Scientists have discovered a form of natural selection that does not depend on DNA.
Evolution and natural selection take place at the DNA level, as genes mutate and genetic traits either remain or are lost over time. But now scientists believe that evolution can occur on a completely different scale – not transmitted through genes, but through molecules stuck to their surface.
These molecules, known as methyl groups, change the structure of DNA and can turn genes on and off. The changes are known as 'epigenetic modifications', meaning they appear 'above' or 'above' the genome. In many organisms, DNA is dotted with methyl groups, but creatures like fruit flies and roundworms have lost the genes they need.
Another organism, the yeast Cryptococcus neoformans, also lost key genes for methylation sometime in the Cretaceous, about 50-150 million years ago. But it is noteworthy that in its current form, the fungus still has methyl groups in its genome. Now, according to a theoretical study published January 16 in the journal Cell, scientists have been able to hypothesize that C. neoformans managed to maintain epigenetic changes for tens of millions of years thanks to a new way of evolution.
“We didn't expect the secret of evolution to be revealed,” says senior author Dr. Hiten Madhani, professor of biochemistry and biophysics at the University of California, San Francisco.
Scientists are studying C. neoformans to better understand how yeast causes fungal meningitis in humans. According to the UCSF, the fungus infects people with weak immune systems and is responsible for about 20% of all HIV / AIDS deaths. Madhani and his colleagues spend their days digging through the genetic code of C. neoformans, looking for the critical genes that help yeast enter human cells. But the team was surprised when reports surfaced that the genetic material was decorated with methyl groups.
'When we found out that [C. neoformans] DNA methylation … I thought we should look at this without even knowing what we would find, ”Madhani said.
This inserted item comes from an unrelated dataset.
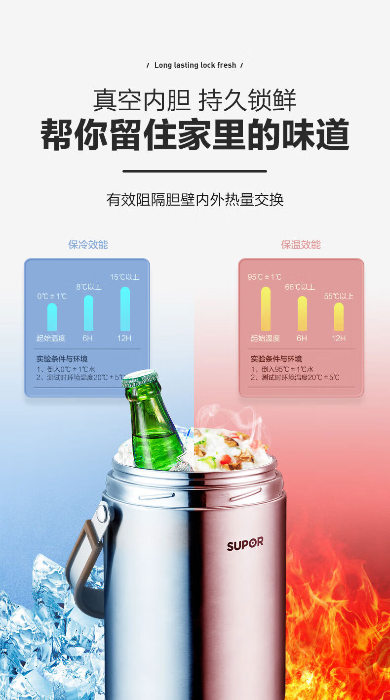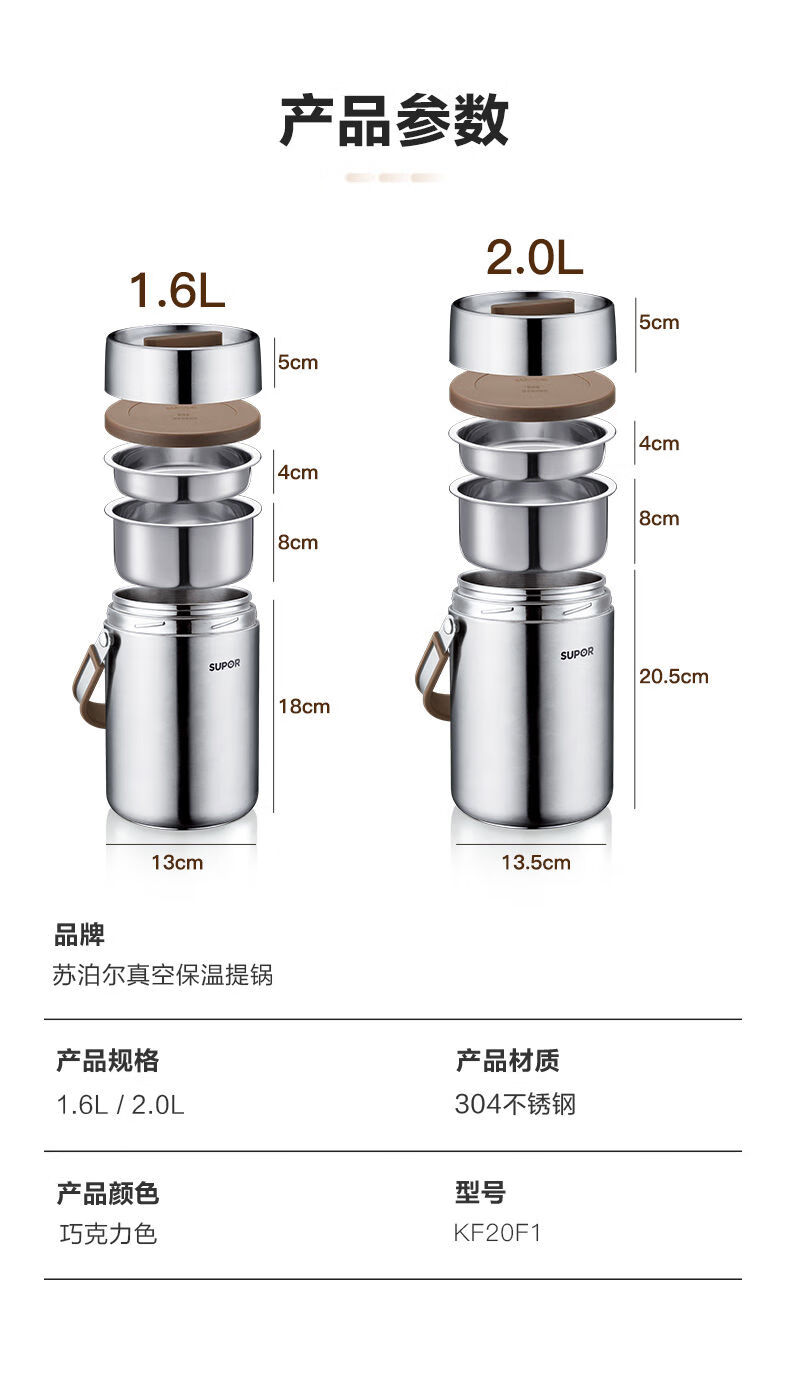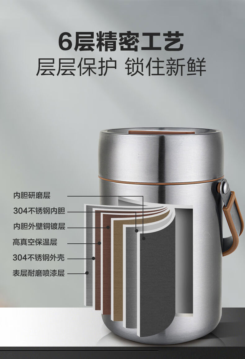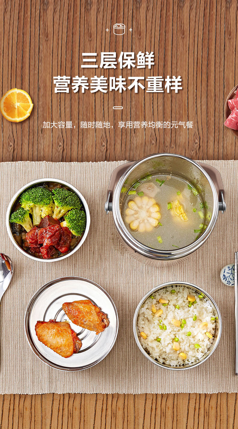 SUPOR SUPOR insulated lunch box bucket for home office workers 304 stainless steel 1-person student lunch box portable multi-layer winter day 1 point 6L warm 6-12H free insulation bag tableware

In vertebrates and plants, cells add methyl groups to DNA using two enzymes. The first, called 'de novo methyltransferase', attaches methyl groups to unstained genes. The enzyme stains each half of the helical DNA strand with the same methyl group pattern, creating a symmetrical design. During cell division, the double helix unfolds and builds two new DNA strands from the corresponding halves. At this point, an enzyme called a 'maintenance methyltransferase' starts copying all methyl groups from the original chain to the newly built half.
Madhani and his colleagues studied existing evolutionary trees to trace the history of C. neoformans over time, and found that the ancestor of yeast had both enzymes necessary for DNA methylation during the Cretaceous Period. But somewhere, C. neoformans lost the gene needed to make de novo methyltransferase. Without the enzyme, the body could no longer add new methyl groups to its DNA – it could only copy existing methyl groups.
In theory, even working alone, a maintenance enzyme could retain DNA in methyl groups indefinitely – if it could make a perfect copy every time.
In fact, the enzyme makes mistakes and loses methyl groups every time a cell divides, the team found. When grown in a Petri dish, C. neoformans cells sometimes accidentally acquire new methyl groups, similar to how random mutations occur in DNA. However, cells lost methyl groups about 20 times faster than they could get new ones.
The team estimates that within about 7,500 generations, every last methyl group will disappear, leaving nothing left for the enzyme to copy. Given the rate at which C. neoformans multiplies, the yeast should have lost all of its methyl groups within about 130 years. Instead, he retained the epigenetic edits for tens of millions of years.
Many mysteries still surround DNA methylation in C. neoformans. In addition to copying methyl groups between DNA strands, the maintenance methyltransferase appears to be important when it comes to how yeast causes infections in humans, according to Madhani's 2008 study. Without a whole enzyme, the body cannot penetrate cells as efficiently.
“We have no idea why this is necessary for effective infection,” Madhani said.
The enzyme also requires a lot of chemical energy to function and copies only methyl groups to the clean half of the replicated DNA strands. In comparison, the equivalent enzyme in other organisms does not require additional energy to function and sometimes interacts with naked DNA devoid of any methyl groups, according to a report published on the bioRxiv preprint server.
Further research will show how methylation works in C. neoformans and whether this new form of evolution appears in other organisms.